• _What to do_: An exact copy of the lines from the start of the material below through the line containing "In a heartbreaking" is the required answer, and it includes no pictures.

• _Data_:

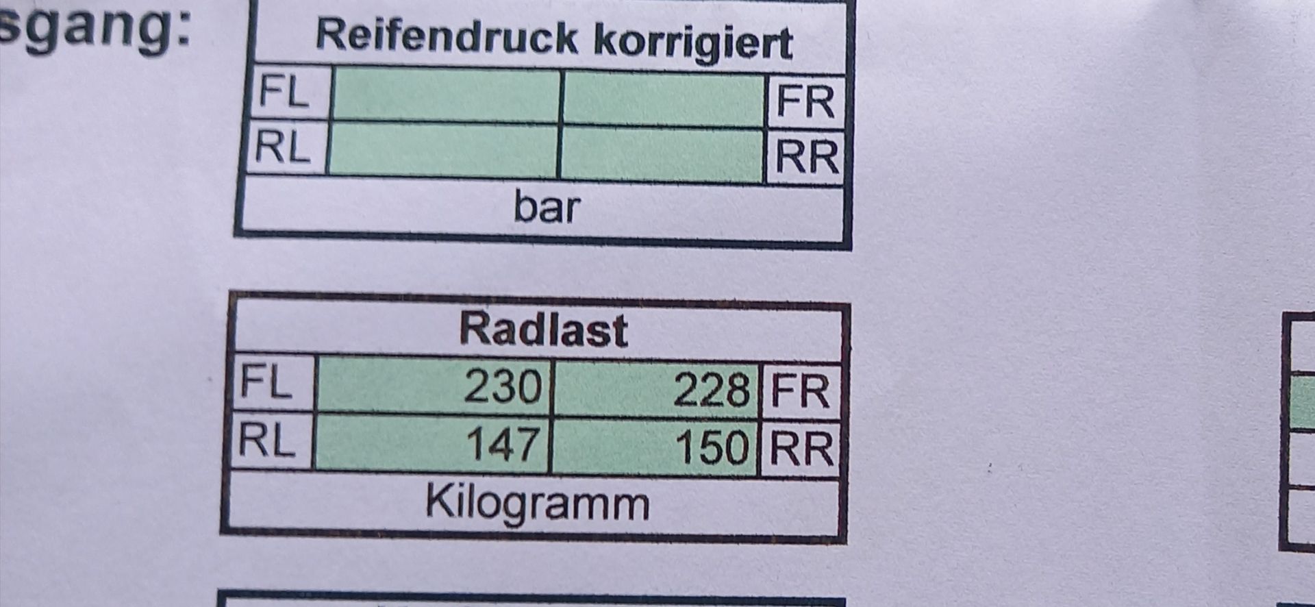Komplette Achsvermessung gestern
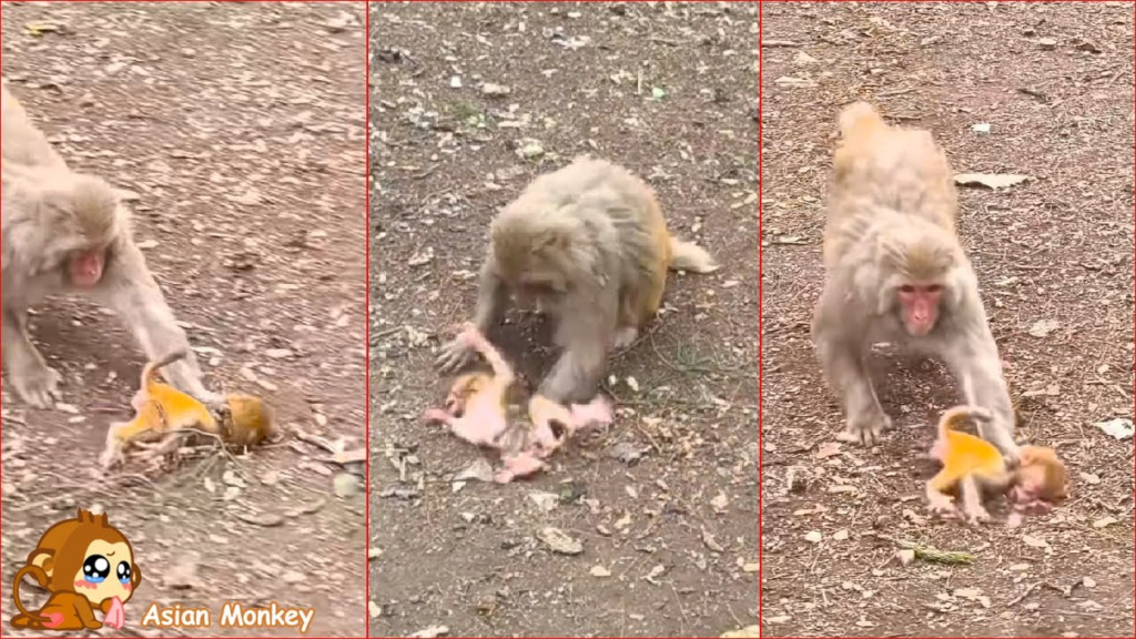 In a heartbreaking scene, she began to drag the baby monkey away, as if driven by instinct beyond understanding. The pain was silent, yet overwhelming. Every second felt heavier, every movement more difficult to watch.
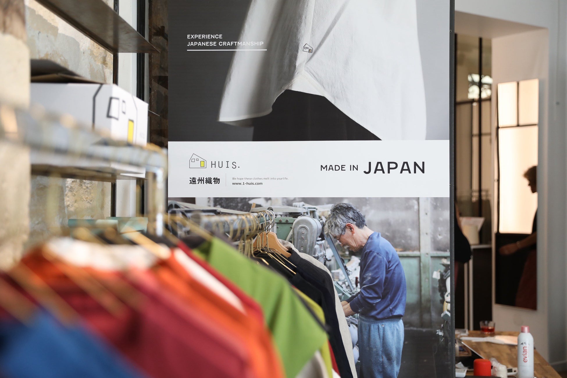 HUISが最初にフランス・パリでの商品販売を行なったのは一昨年の2023年です。「浜松市」の事業において、遠州織物を総合的にPRするイベントがパリにて開催され、その際HUISも商品を提供して参加させていただいた結果、来場者からの反応が良好で手応えを感じたことから、翌2024年秋に店舗型のイベント会場を貸切り、HUISとして単独のPOPUPを開催いたしました。

• _Solution_:
Komplette Achsvermessung gestern
 In a heartbreaking scene, she began to drag the baby monkey away, as if driven by instinct beyond understanding. The pain was silent, yet overwhelming. Every second felt heavier, every movement more difficult to watch.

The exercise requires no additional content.